▶ _Input_
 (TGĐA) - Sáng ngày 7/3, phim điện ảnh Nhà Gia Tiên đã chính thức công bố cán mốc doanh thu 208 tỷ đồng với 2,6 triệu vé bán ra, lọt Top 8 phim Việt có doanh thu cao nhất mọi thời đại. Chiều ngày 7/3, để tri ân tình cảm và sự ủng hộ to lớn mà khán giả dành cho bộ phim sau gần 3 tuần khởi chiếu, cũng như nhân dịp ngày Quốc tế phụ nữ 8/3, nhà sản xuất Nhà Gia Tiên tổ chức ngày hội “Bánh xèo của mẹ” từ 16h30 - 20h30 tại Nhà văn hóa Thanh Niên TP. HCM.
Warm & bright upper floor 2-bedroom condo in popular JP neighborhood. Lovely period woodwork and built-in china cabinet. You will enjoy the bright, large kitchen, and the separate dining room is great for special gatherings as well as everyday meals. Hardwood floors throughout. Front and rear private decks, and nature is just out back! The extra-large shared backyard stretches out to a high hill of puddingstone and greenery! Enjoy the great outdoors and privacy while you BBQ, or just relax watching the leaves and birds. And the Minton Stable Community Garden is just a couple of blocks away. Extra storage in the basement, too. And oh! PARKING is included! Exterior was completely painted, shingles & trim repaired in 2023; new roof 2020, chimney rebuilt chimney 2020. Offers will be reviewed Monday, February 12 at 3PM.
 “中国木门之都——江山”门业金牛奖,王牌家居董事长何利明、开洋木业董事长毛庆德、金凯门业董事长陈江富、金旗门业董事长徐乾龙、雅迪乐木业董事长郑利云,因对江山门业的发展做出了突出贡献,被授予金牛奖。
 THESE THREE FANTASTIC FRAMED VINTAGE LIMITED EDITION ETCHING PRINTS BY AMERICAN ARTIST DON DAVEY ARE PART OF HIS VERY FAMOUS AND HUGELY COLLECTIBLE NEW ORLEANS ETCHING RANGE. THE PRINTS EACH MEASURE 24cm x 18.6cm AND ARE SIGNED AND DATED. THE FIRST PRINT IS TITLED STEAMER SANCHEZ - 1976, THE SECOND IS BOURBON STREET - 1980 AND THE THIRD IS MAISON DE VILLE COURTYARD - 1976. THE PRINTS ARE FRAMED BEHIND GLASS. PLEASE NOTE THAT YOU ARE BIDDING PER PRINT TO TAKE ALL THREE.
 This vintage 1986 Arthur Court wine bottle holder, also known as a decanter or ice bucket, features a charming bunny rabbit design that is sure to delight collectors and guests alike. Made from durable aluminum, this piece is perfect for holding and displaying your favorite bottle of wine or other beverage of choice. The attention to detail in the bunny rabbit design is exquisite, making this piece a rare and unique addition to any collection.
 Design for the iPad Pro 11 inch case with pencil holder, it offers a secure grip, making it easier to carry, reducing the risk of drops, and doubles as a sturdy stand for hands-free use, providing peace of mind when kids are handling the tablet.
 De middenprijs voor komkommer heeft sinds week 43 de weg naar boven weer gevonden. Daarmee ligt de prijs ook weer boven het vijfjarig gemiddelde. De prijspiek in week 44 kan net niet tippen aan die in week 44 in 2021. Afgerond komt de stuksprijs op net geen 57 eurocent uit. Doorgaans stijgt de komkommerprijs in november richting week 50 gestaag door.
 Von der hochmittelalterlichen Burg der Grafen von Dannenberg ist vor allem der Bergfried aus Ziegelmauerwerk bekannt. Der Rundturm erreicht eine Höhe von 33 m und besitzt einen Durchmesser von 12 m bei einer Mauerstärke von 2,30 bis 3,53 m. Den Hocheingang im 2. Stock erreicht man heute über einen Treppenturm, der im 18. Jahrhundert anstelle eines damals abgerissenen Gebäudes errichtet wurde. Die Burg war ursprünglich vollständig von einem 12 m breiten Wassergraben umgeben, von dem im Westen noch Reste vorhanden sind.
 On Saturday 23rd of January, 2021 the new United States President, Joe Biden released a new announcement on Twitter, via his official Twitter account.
* * *
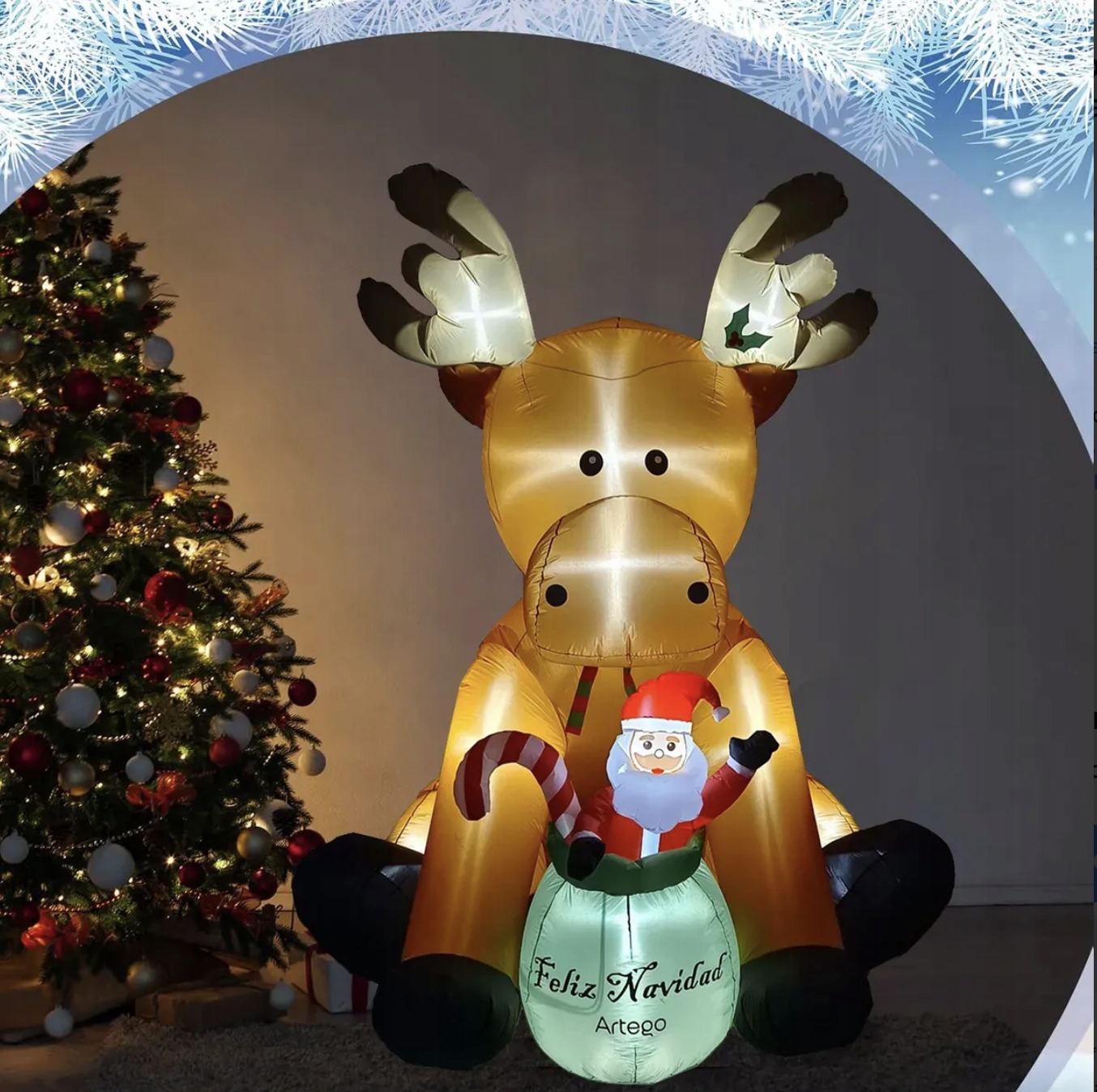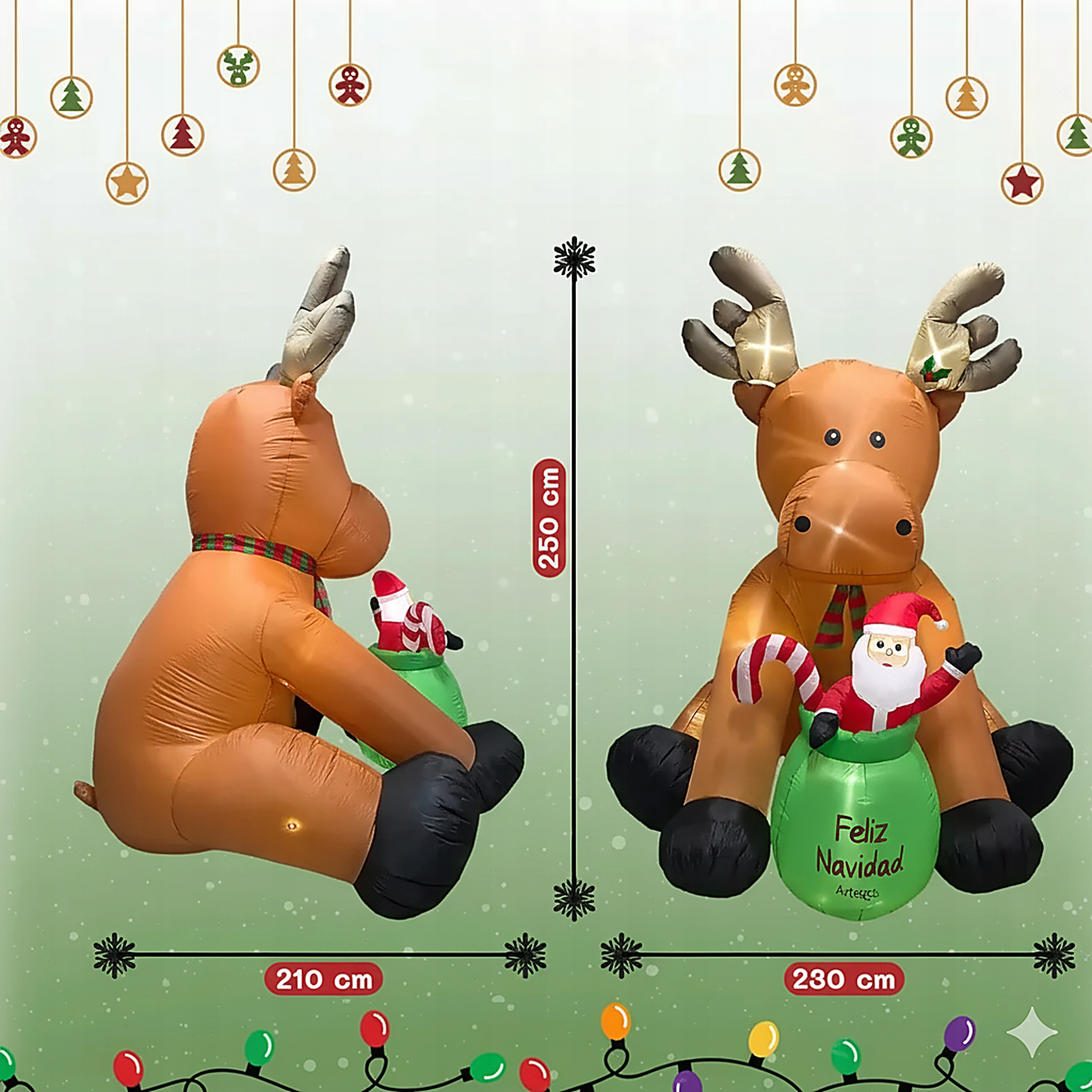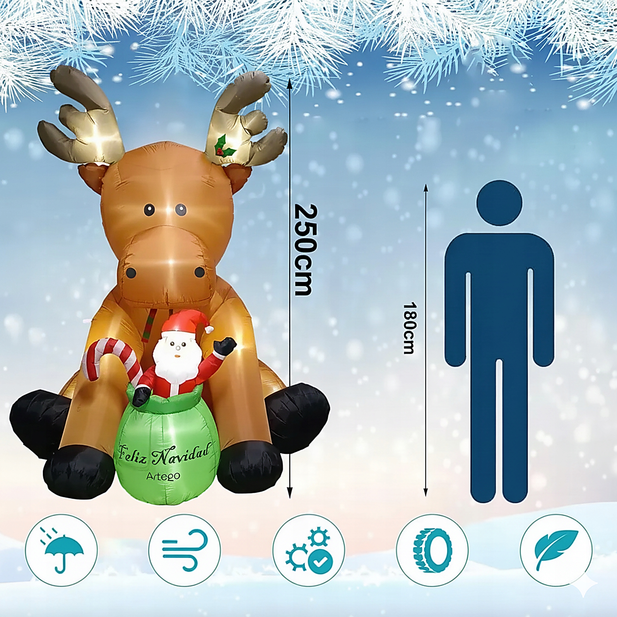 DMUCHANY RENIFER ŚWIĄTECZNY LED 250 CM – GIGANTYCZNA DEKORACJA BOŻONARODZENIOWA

▶ _Activity_
From the records above, transcribe exactly the run of lines that opens with the line holding "This vintage 1986" and closes with the line holding "De middenprijs voor", both included.

▶ _Task result_
 This vintage 1986 Arthur Court wine bottle holder, also known as a decanter or ice bucket, features a charming bunny rabbit design that is sure to delight collectors and guests alike. Made from durable aluminum, this piece is perfect for holding and displaying your favorite bottle of wine or other beverage of choice. The attention to detail in the bunny rabbit design is exquisite, making this piece a rare and unique addition to any collection.
 Design for the iPad Pro 11 inch case with pencil holder, it offers a secure grip, making it easier to carry, reducing the risk of drops, and doubles as a sturdy stand for hands-free use, providing peace of mind when kids are handling the tablet.
 De middenprijs voor komkommer heeft sinds week 43 de weg naar boven weer gevonden. Daarmee ligt de prijs ook weer boven het vijfjarig gemiddelde. De prijspiek in week 44 kan net niet tippen aan die in week 44 in 2021. Afgerond komt de stuksprijs op net geen 57 eurocent uit. Doorgaans stijgt de komkommerprijs in november richting week 50 gestaag door.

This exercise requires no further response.